Я молчал, и она продолжала, словно про себя:
— Да вовсе не сердится. Откуда это ты взял?
— Ну, тогда все в порядке, — сказал я и снова сел.
Валли переменила тарелки.
— Напротив. Мы рады, что ты опять с нами. Просто он считал, что твое пребывание в пансионе обходится ему слишком дорого. — И мать рассмеялась. Она, очевидно, не понимала, что между мной и отцом произошло нечто ужасное. После ужина я еще раз пошел в детскую. Ребенок тихо шевелился и плакал. Я встревожился, но мать рассмеялась воркующим смехом.
— Она просто хочет ужинать, и я принесла ей покушать. Подожди-ка минутку, Юдифь, — обратилась она к сестренке, — сейчас я приду к тебе.
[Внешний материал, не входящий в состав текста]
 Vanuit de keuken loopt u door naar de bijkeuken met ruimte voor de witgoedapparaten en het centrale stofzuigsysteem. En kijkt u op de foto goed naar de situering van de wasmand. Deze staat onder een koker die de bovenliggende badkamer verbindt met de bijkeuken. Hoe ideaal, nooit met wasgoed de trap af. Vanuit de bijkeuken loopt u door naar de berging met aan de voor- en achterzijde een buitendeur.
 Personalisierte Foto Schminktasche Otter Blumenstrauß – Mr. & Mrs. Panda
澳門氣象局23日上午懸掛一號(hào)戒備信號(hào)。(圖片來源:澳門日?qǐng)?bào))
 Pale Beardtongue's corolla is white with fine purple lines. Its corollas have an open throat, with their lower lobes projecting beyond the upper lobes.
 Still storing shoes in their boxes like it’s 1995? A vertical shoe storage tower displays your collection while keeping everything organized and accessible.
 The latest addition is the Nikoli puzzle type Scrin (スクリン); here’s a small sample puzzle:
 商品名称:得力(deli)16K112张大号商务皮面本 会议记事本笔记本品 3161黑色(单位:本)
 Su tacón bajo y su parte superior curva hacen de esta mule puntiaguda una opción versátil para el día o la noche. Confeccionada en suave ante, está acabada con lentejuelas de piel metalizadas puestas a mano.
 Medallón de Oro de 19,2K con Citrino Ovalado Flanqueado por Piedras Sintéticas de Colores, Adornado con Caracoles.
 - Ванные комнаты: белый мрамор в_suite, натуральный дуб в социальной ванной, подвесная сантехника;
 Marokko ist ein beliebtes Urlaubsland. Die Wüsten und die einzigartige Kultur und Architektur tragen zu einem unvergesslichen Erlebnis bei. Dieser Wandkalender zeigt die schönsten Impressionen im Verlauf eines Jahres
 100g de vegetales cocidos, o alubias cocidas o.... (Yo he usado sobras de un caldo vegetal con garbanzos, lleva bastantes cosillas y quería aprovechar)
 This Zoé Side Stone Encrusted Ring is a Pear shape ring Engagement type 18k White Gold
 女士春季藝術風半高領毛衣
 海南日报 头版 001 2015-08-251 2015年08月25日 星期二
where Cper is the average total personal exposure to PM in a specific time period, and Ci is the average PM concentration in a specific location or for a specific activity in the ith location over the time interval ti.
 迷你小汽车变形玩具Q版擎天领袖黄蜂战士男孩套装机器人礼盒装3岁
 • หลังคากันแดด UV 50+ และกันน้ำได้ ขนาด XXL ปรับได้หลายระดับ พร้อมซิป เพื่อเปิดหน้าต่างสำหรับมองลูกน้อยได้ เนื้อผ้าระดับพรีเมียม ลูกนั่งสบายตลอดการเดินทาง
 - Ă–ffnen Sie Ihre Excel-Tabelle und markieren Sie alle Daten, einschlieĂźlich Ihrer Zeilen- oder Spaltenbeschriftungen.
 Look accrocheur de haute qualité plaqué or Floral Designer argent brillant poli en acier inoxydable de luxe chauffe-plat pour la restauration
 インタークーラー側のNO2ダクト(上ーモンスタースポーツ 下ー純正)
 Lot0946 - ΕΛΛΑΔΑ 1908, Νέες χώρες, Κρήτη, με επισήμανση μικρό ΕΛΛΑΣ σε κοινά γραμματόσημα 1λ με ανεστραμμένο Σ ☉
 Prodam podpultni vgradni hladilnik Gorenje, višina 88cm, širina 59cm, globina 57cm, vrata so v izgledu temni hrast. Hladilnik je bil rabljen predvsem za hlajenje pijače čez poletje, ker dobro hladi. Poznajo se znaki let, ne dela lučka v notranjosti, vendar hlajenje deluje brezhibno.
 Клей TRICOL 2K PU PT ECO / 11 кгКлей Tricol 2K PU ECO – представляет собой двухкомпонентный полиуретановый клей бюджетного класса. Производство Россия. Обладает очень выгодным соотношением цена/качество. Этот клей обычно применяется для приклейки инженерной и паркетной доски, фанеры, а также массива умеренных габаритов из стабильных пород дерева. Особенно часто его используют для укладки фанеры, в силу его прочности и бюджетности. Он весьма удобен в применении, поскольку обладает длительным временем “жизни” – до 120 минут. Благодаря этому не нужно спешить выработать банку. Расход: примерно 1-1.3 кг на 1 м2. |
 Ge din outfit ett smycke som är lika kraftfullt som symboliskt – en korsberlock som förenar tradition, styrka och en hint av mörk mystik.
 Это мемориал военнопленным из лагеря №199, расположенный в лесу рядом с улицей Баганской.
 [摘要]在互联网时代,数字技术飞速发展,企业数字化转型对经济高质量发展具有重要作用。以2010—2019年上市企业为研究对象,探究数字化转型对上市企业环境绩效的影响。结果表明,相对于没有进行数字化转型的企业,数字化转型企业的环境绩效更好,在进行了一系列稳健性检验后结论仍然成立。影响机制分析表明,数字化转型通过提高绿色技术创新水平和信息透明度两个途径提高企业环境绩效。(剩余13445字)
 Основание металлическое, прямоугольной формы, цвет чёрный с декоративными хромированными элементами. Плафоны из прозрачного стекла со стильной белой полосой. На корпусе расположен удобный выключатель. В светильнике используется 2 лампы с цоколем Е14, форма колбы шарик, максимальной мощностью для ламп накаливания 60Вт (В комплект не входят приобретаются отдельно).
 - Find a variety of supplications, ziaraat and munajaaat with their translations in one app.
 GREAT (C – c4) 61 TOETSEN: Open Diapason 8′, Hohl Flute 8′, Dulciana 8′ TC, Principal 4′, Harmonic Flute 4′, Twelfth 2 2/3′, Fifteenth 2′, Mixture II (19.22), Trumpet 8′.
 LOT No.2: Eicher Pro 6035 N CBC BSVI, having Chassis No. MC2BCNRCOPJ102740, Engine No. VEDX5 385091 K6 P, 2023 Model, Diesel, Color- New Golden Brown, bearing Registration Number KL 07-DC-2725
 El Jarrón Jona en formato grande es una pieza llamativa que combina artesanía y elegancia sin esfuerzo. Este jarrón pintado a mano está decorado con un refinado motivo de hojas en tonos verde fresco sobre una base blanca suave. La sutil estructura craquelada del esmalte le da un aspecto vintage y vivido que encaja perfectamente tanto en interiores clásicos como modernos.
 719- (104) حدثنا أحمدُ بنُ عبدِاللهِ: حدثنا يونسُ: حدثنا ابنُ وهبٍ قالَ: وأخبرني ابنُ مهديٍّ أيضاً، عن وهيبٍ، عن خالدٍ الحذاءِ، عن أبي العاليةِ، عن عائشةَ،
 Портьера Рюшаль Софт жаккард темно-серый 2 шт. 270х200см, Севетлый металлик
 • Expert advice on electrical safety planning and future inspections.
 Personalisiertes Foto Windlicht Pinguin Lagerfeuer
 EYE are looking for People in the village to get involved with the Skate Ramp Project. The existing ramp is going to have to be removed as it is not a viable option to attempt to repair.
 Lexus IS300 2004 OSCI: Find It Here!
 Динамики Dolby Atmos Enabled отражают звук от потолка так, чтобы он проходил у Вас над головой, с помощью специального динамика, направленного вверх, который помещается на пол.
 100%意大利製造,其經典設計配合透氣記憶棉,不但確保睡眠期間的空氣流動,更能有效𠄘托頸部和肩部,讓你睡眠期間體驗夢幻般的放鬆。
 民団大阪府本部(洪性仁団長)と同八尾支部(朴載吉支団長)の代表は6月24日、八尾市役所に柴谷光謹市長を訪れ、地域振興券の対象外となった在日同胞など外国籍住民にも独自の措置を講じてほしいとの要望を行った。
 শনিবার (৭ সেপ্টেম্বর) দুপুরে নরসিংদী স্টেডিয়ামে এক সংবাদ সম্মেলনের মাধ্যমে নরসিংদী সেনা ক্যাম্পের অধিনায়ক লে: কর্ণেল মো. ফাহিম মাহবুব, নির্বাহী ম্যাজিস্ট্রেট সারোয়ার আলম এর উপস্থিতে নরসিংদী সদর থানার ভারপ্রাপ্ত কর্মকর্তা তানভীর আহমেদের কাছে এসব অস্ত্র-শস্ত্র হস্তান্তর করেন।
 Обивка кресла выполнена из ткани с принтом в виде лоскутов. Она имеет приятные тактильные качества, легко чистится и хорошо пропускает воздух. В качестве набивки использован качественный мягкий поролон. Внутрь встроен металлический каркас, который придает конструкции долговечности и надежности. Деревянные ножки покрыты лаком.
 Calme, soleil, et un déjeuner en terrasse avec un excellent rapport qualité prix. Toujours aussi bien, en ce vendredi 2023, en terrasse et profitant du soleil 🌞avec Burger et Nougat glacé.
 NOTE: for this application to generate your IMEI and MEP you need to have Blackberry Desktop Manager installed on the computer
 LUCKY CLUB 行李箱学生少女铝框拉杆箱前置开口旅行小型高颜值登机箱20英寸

Она стала рядом со мной и преклонила колени на старом коврике у своей постели. На ночном столике в зеленой лампадке горел, плавая в масле, фитиль. Ноги спасителя, проткнутые гвоздями, белели на черном тусклом дереве. Мы смотрели на них и молились. Потом мать наскоро перекрестила меня и подтолкнула к двери, но тотчас же вышла следом за мной и, быстро поцеловав меня, прошептала:
— Только веди себя ночью очень, очень тихо, у папы чуткий сон. Ты не храпишь ведь? Нет, он не рассердится, тут ничего не поделаешь. Он извинит тебя, разумеется. А вот кое-что другое, между нами… Он не любит, когда ночью встают. Поэтому сделай все сейчас. Я тоже себя приучила и теперь очень ему благодарна. Я не встаю и не бужу моего ребенка.
Я понял. Впрочем, у меня никогда не было привычки вставать ночью по своим надобностям.
— Только не сердись, — сказала мать, заметив, что я помрачнел. — Я желаю тебе добра, я хочу, чтобы мы все непременно жили в мире. Так, ну дай я тебя еще раз поцелую. Спокойной ночи, приятных снов.
Я повернулся и вошел на цыпочках в спальню родителей. Рядом с кроватью отца я увидел свою кровать, казавшуюся очень маленькой; моя старая тумбочка стояла тут же.
Я помрачнел только из-за слов матери: «Я не бужу моего ребенка», — ведь при этом она думала только о своей Юдифи.
Я разделся и лег в постель. Мои старые подушки и тюфяки были все-таки великолепны. Не знаю, скоро ли я проснулся или нет. Надо мной стоял отец и смотрел на меня со своей неопределенной улыбкой, которая не сулит ни доброго, ни злого. Потом он нагнулся, поцеловал меня в щеку и начал тереться о нее своим небритым, поросшим жесткой щетиной лицом. Мне было больно, но это была чудесная боль, потому что она исходила от него, и я ясно видел, что он смеется.
— Ну, вот, хорошо, что ты снова дома. Спи теперь. Завтра поговорим на досуге. Ты ведь привез мой роскошный чемодан?
— Разумеется, — сказал я, счастливый, что слышу его голос. Он выпрямился, я увидел прямой пробор в его прекрасных темно-русых волосах.
— А как тебе понравилась Юдифь? Ты гордишься такой красивой сестричкой?
Сестра моя была действительно красива, но это я понял только утром. В эту ночь я заснул спокойный и счастливый. Я простил отцу его письмо, которое доставило мне столько горя. Я забыл, что он принудил меня нарушить обет, который я дал в часовне, я забыл даже, что он не подписал своего жестокого письма.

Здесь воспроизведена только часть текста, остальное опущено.